ABOUT
MY DOG TULIP
MY DOG TULIP, the celebrated novel by J.R
Ackerley, is being made into a full length animated feature
by producers Norman Twain, Howard Kaminsky and Frank Pellegrino.
Deanna Deignan will serve as co-producer and Allison Powell
as coordinating Producer.
The film is financed independently and will be completed in August of 2008.
MY DOG TULIP
is animated by Paul and Sandra Fierlinger who have been
closely associated with PBS’ adult animation fare for the
past 15 years, providing primetime TV specials such as Drawn
from Memory (Best TV Feature Film at Annecy, France 1995),
Still Life With Animated Dogs (2001) and A Room Nearby (2004);
both recipients of the prestigious Peabody Award.

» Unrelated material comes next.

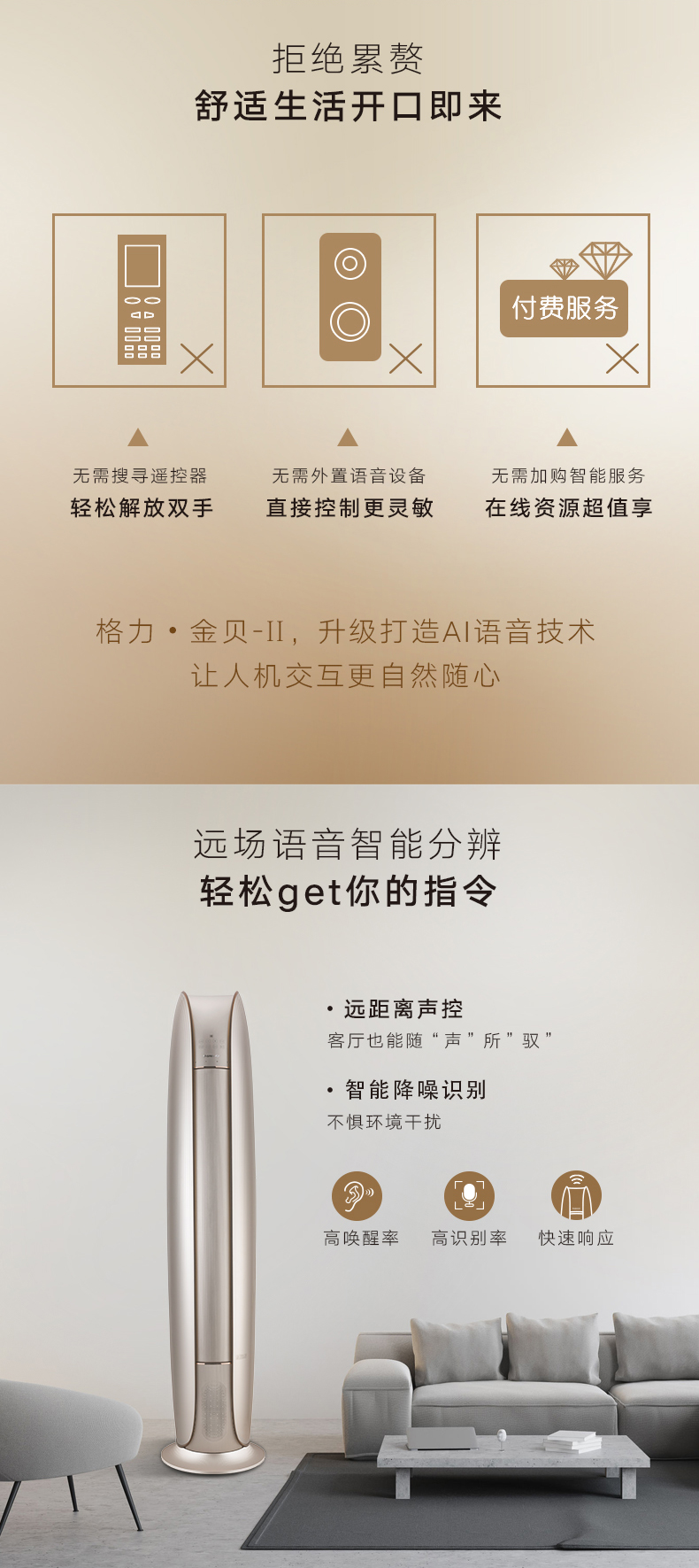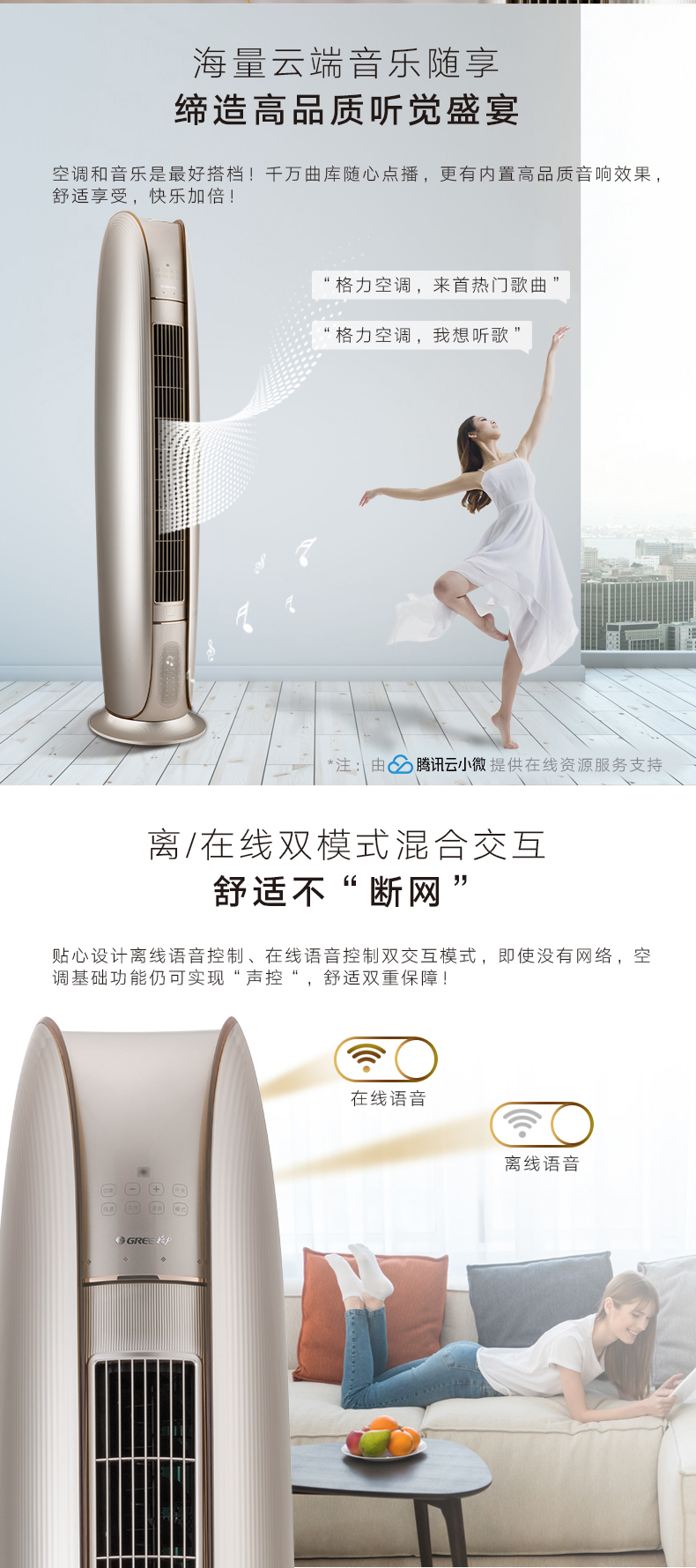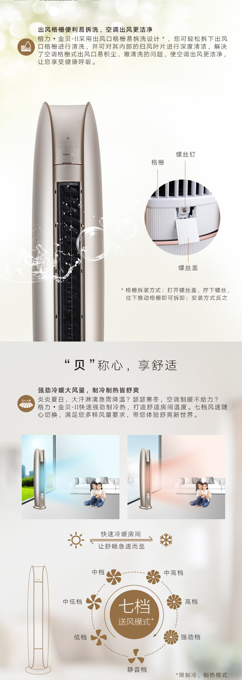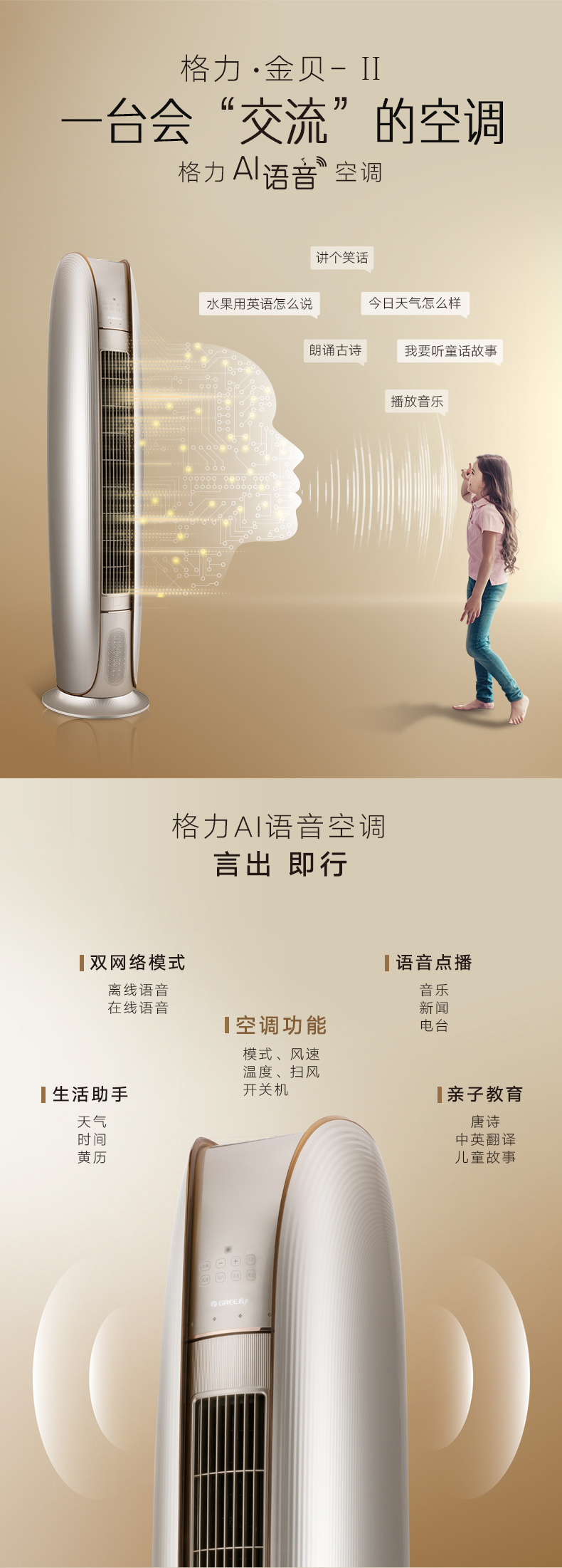 格力金贝立柜式家用分体空调2匹50机适用23-34平米,3匹72机适用32-50平米,变频1级,一台会说话唱歌的空调,蒸发器自洁出风,格栅易拆洗,广域扫风

Paul Fierlinger is the film’s director, screen writer and sole animator; Sandra is his background and image painter. They both draw and paint on a Wacom tablet, using the 2D animation software Mirage by Bauhaus. This film will be the first animated feature ever to be entirely hand drawn and painted utilizing paperless computer technology.

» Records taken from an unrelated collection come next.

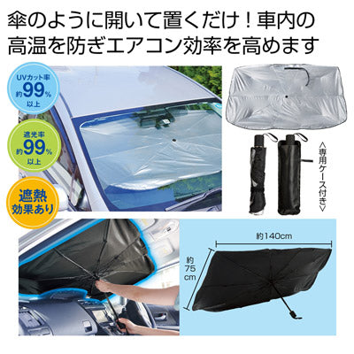 傘のようにパッと開いて置くだけ!車内の温度上昇を緩やかにし、エアコン効率を高めます。フロントガラスに吸盤の跡などが付かない傘タイプ。遮光率99%以上で遮熱効果もあるので車内温度の上昇も緩やかになります。専用の収納ケースには名入れ印刷ができるので、車購入特典など車関係のノベルティに最適です。CO...
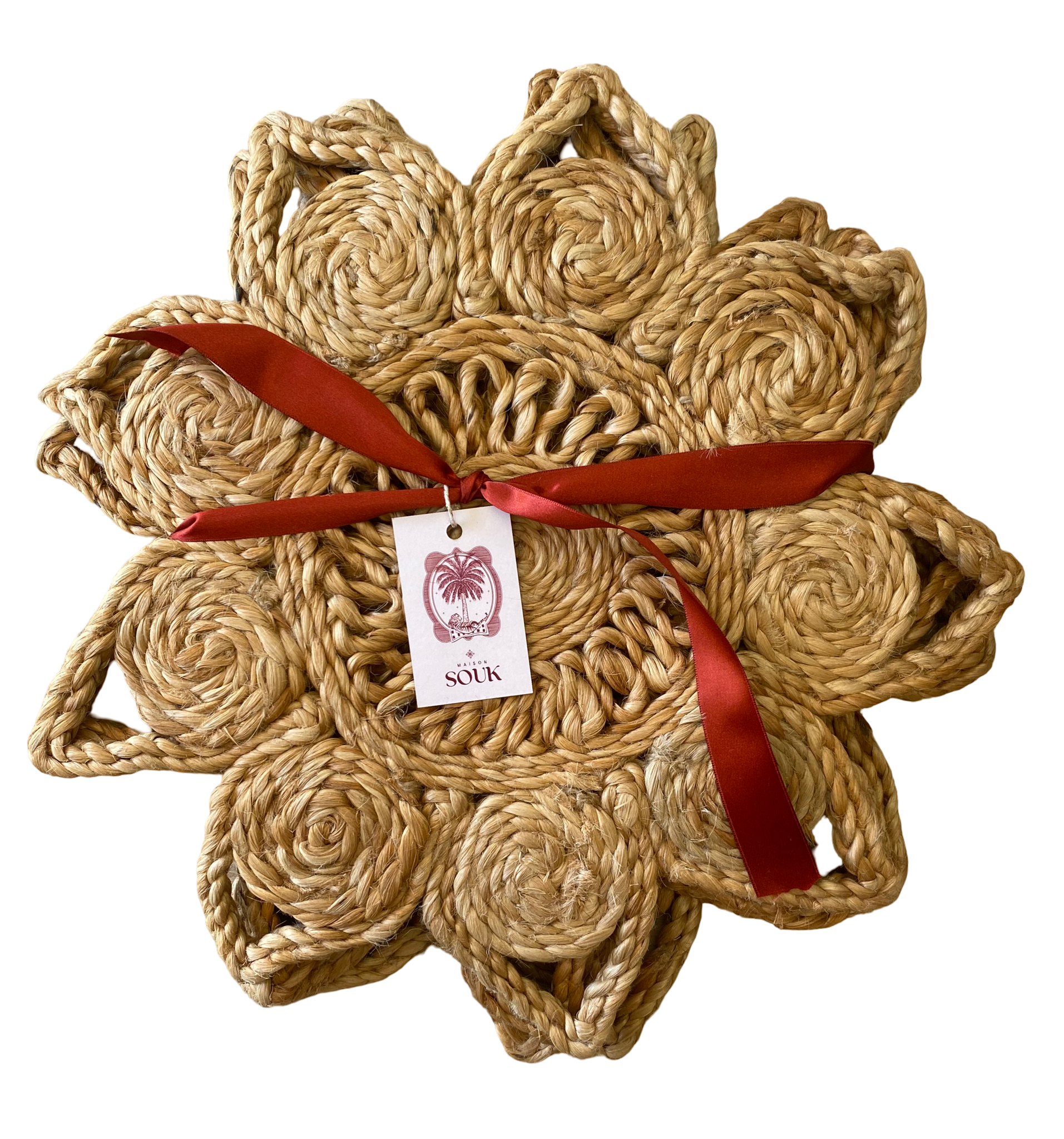 Bring texture and warmth to your table with these handwoven jute placemats. Featuring natural jute and an intricate design, each piece highlights artisanal skill and organic charm.
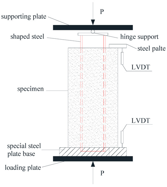 Figure 3 demonstrates the test setup in which the vertical load is applied by the MTS 200 t testing machine. By placing a special steel plate base under the bottom of the specimens and digging an H-type hole in the middle of the special base, it can be ensured that the shaped steel was pushed out from the surrounding matrix. The upper part of the specimen that comes into direct contact with the testing machine is called the loading end, while the lower part is referred to as the free end. During the loading process, the shaped steel at the loading end is under pressure, while the matrix at the free end is compressive, thus achieving the push-out of the shaped steel from the surrounding matrix.
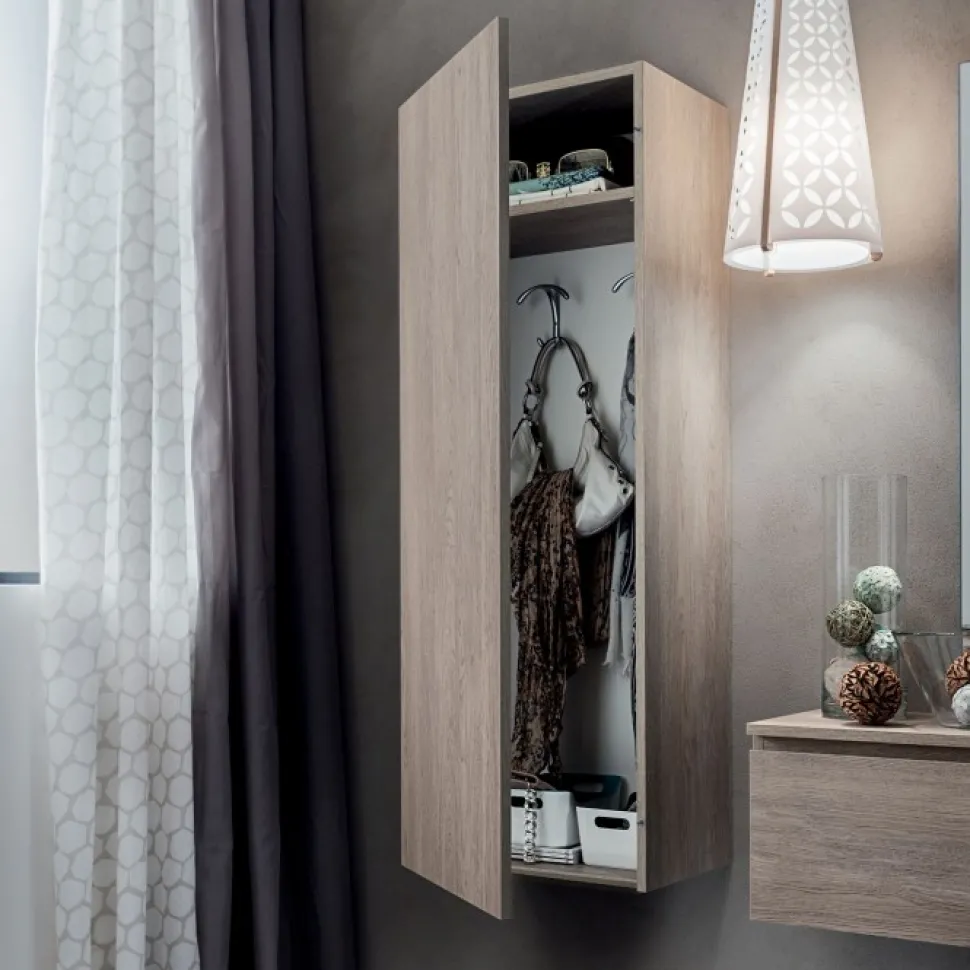 Composizione 632 Per L’Ingresso Ma Anche Per La Zona Living, Giacche E Borse Trovano Facilmente Posto Nel Pratico Ed Elegante Armadio Guardaroba Sospeso Senza Trascurare La Praticita Della Base Con Cassetto.

Christopher Plummer, Lynn Redgrave, Isabella Rosselini,
Brian Murray, Paul Hecht, Peter Gerety, and Euan Morton
provided the voices for the full-length animated feature,
which had to be recorded before the animation could proceed.
MY DOG TULIP
began voice recording AUGUST 16th, 2006 in New York City
and has been in production since May 16, 2006.
The original music score and sound design is the work of John Avarese who has been the composer of all Fierlinger
productions for the past 12 years.
J.R Ackerley, the book’s British author and distinguished man of letters, hardly thought of himself as a dog lover when, in middle age, he came to adopt an Alsatian bitch, he named Tulip. To his surprise, she turned out to be the love of his life, the ideal companion he had been searching for in vain for years.
MY DOG TULIP
is a bittersweet retrospective account of their fourteen-year
relationship. In vivid and sometimes startling detail, the
film shows Tulip’s often erratic behavior, canine tastes,
and Ackerley’s determined efforts to ensure an existence
of perfect happiness for Tulip.
MY DOG TULIP
was originally published in England in 1956. It is now published
in this country by the New York Review of Books in their
Classics Series and is the series’ best selling book.

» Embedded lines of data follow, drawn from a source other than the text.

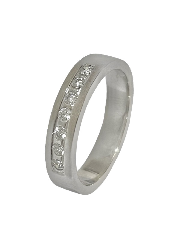 Upea valkokultainen timanttisormus. Sormukseen on mahdollista kaivertaa esim. etunimi ja päivämäärä. Kaiverrus on maksuton. Kaiverretuilla tuotteilla ei ole vaihto- eikä palautusoikeutta. Koko 18-
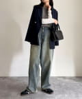 ・美シルエットを叶えてくれるデニムパンツは、コンパクトなトップスと好相性◎
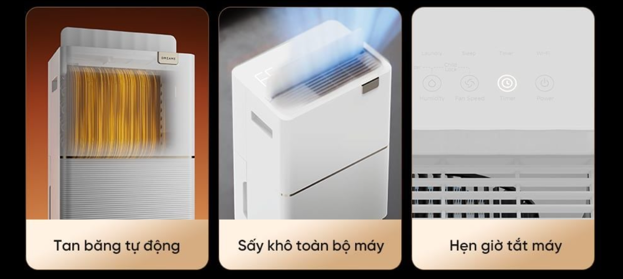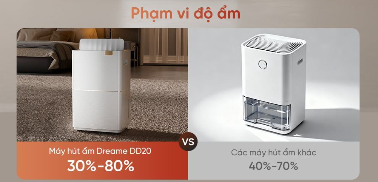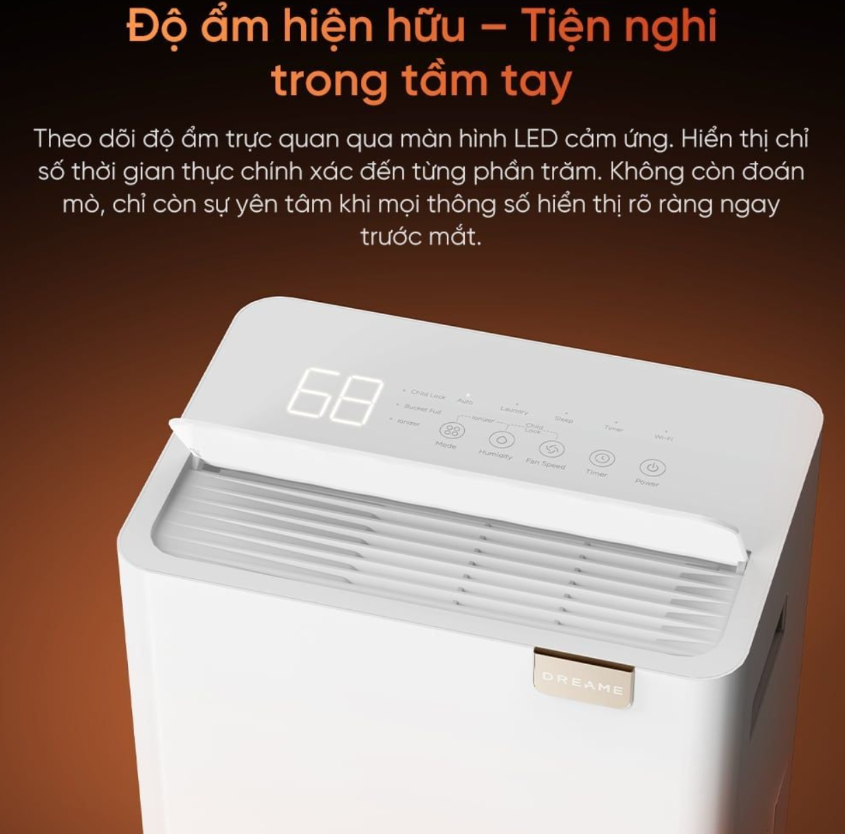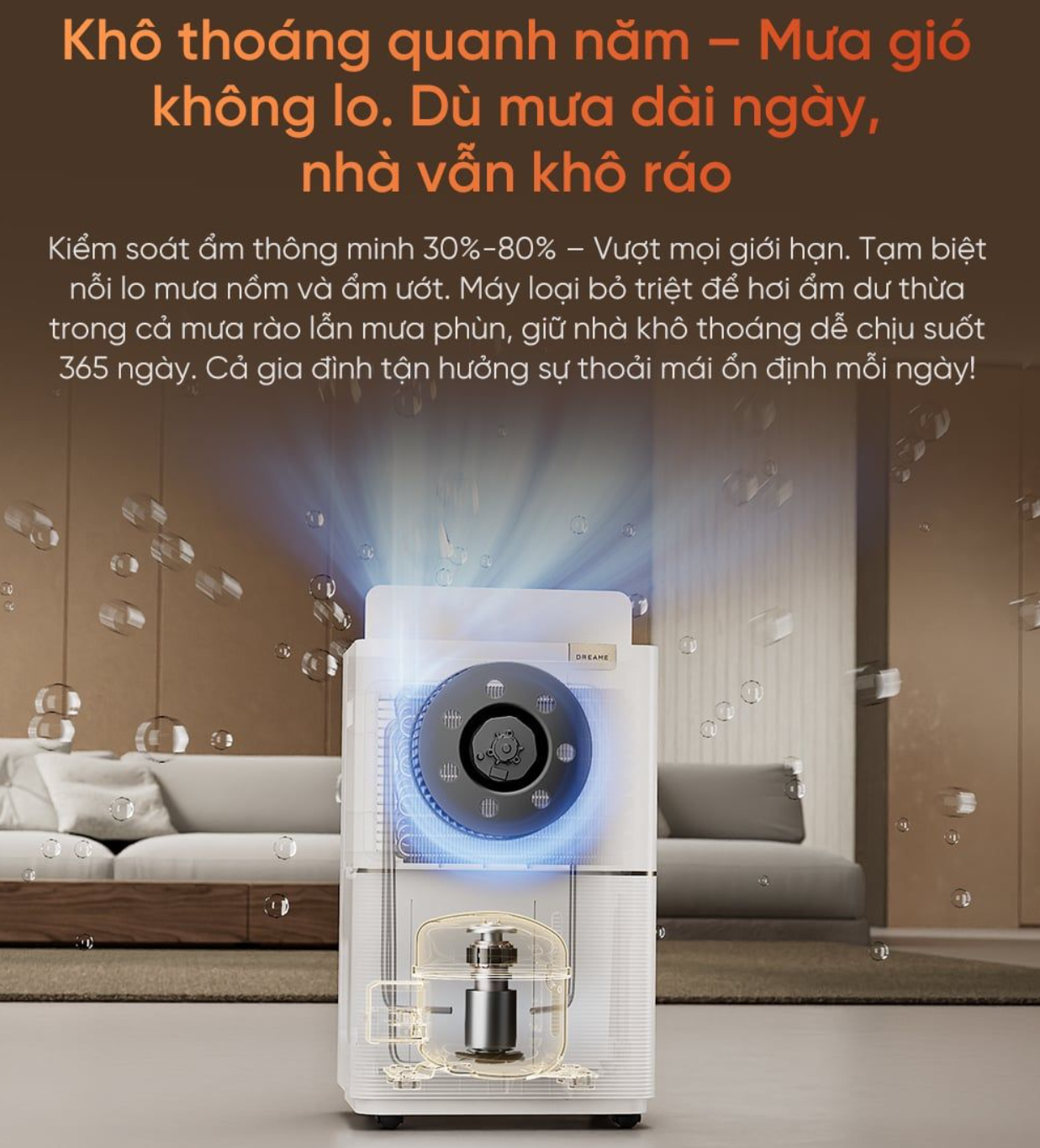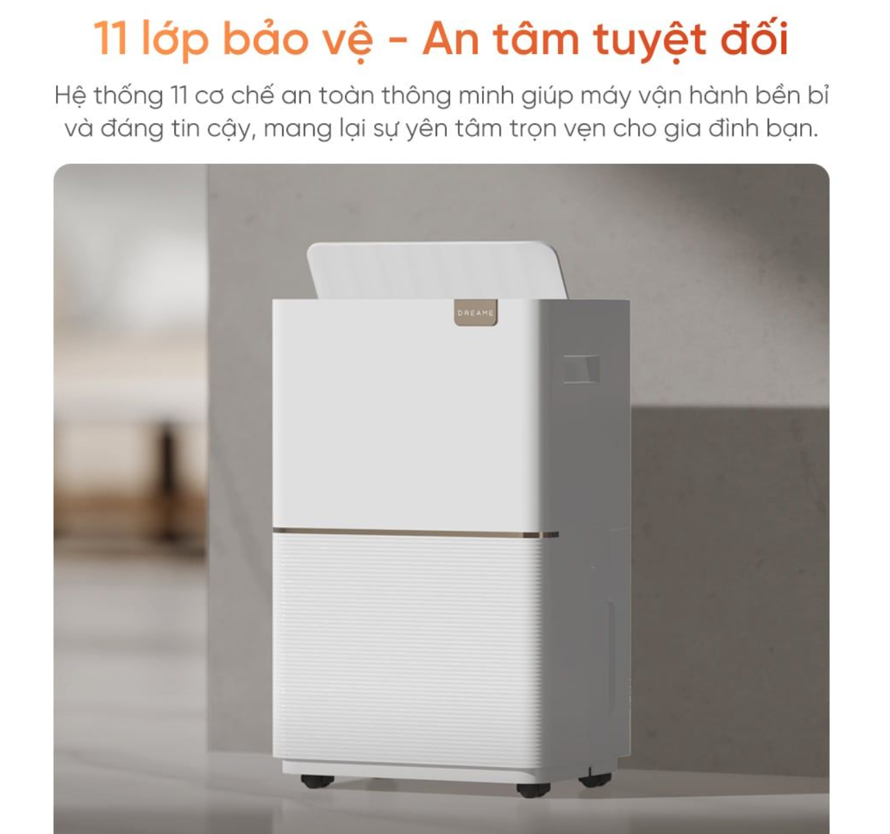 - Vận hành siêu êm 35,7dB(A): Yên tĩnh trong từng khoảnh khắc. Với công nghệ giảm ồn 5 lớp, máy hút ẩm Dreame hoạt động êm ái đến không ngờ. Khô thoáng nhanh chóng, êm ái tuyệt đối – bảo vệ giấc ngủ của bé và sự tập trung của bạn suốt cả ngày.

“This is a profound and beautiful love story. It just happens to be between a man and his dog” said producer Howard Kaminsky.
“It certainly is all that,” said producer Norman Twain, “but it’s also an account of the complexity of all human relationships with the inherent tendency of each one of us to desire everyone else to be as we are.”
While most animation is for children, this film is being directed toward the adult sensibility.